Anssi: this emerged from the Web real-time communications WG
… the request is to develop a prototype that integrates the new mediacapture transform API in a worker context with the WebNN API
… the most interesting use case driving this for WebRTC is background blur, a familiar feature in teleconferencing apps
… in this issue, we have already had a discussion with the 2 of the WebRTC WG chairs providing their input
… WebGPU co-chair (Corentin) also provided input

Noise suppression (RNNoise) based on mediacapture-transform API

Semantic segmentation based on mediacapture-transform API (preview)

Semantic segmentation based on mediacapture-transform API (source)

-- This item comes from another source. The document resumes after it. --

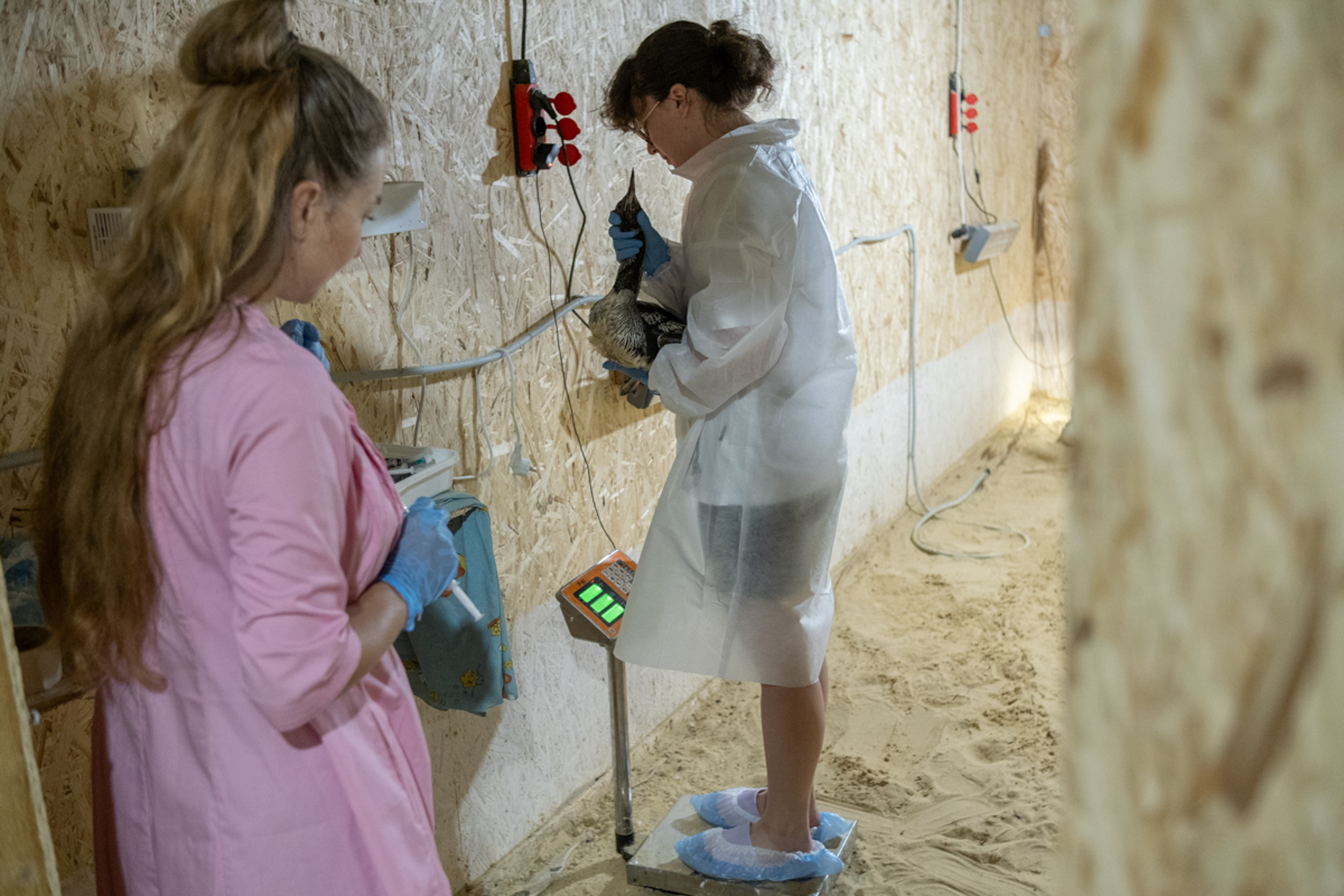 — Не собирались! — смеется Настя. — Просто у мужа астма, убирать мазут он не мог. Но даже если не убирать, нефтяные испарения тут были везде. Мы, когда объясняли людям, где находится мойка, говорили: «Найдете нас по запаху!» Поэтому Артем стал автоволонтером. А я с птицами: принимала, мыла, отпаивала, вводила через зонд лекарства… Первые дни спать было некогда, я даже стала путаться в ногах — упала с лестницы. А уйти было нельзя. Люди постоянно менялись, их надо было учить. Только научил — у них отпуск закончился, уехали. Следующих учишь, других, третьих…

Anssi: two initial prototypes were submitted, developed by Bin Miao and Wanming Lin - my thanks to them on behalf of the WG

anssik: both the prototypes currently do processing in the main thread

anssik: it seems that the WG should initially focus on developing further the semantic segmentation prototype as the place to evaluate performance risks
… proposed next steps as I understand them:
… - we should migrate expensive processing to worker context
… - build a full GPU-only pipeline to minimize GPU to CPU copies
… - document any API gaps that emerge

dom: thanks Anssi for the summary
… the processing in worker is covered so that there are no gaps I think
… the real gaps are in the GPU-only pipeline approach, the gap seems to be in WebNN, interaction with WebGPU buffers
… specific questions on how to go back and forth between VideoFrame and GPUBuffer abstractions
… then, also stream-based processing
… in terms of specific next steps, would be great to get confirmation whether we can stay in the GPU-only pipeline
… story for WebGPU and WebGL integration seems important take away from this experimentation

chai: good scenario to stress-test WebNN-on-GPU
… already identified issues on CPU/GPU transitions which comes with high cost
… as far as I know, the applications out there that are already doing background segmentation do it with GPU

Investigation: how WebNN / WebGPU interop could be happening #2500

ningxin: the issue I raised summarize the current situation and our motivation for WebGPU integration
… two use cases we want to support: custom ops in WebGPU shaders
… and integration with real-time video processing

Define importing VideoFrame into WebGPU #412

ningxin: we can expect VideoFrame to live in the GPU, and may be importable as a GPUTexture

Where do we spec WebGPU-WebCodecs interaction? #2498

ningxin: this would allow to use VideoFrame as input to compute
… as Corentin mentioned, there needs more coordination between WebGPU/WebML WG to fulfill these capabilities
… a good opportunity for the two groups to make progress, which I hope this issue will help with

anssi: similar questions are being explored at the intersection of WebGPU and WebCodecs
… ningxin, you'll talk with WebGPU folks and report back to the group?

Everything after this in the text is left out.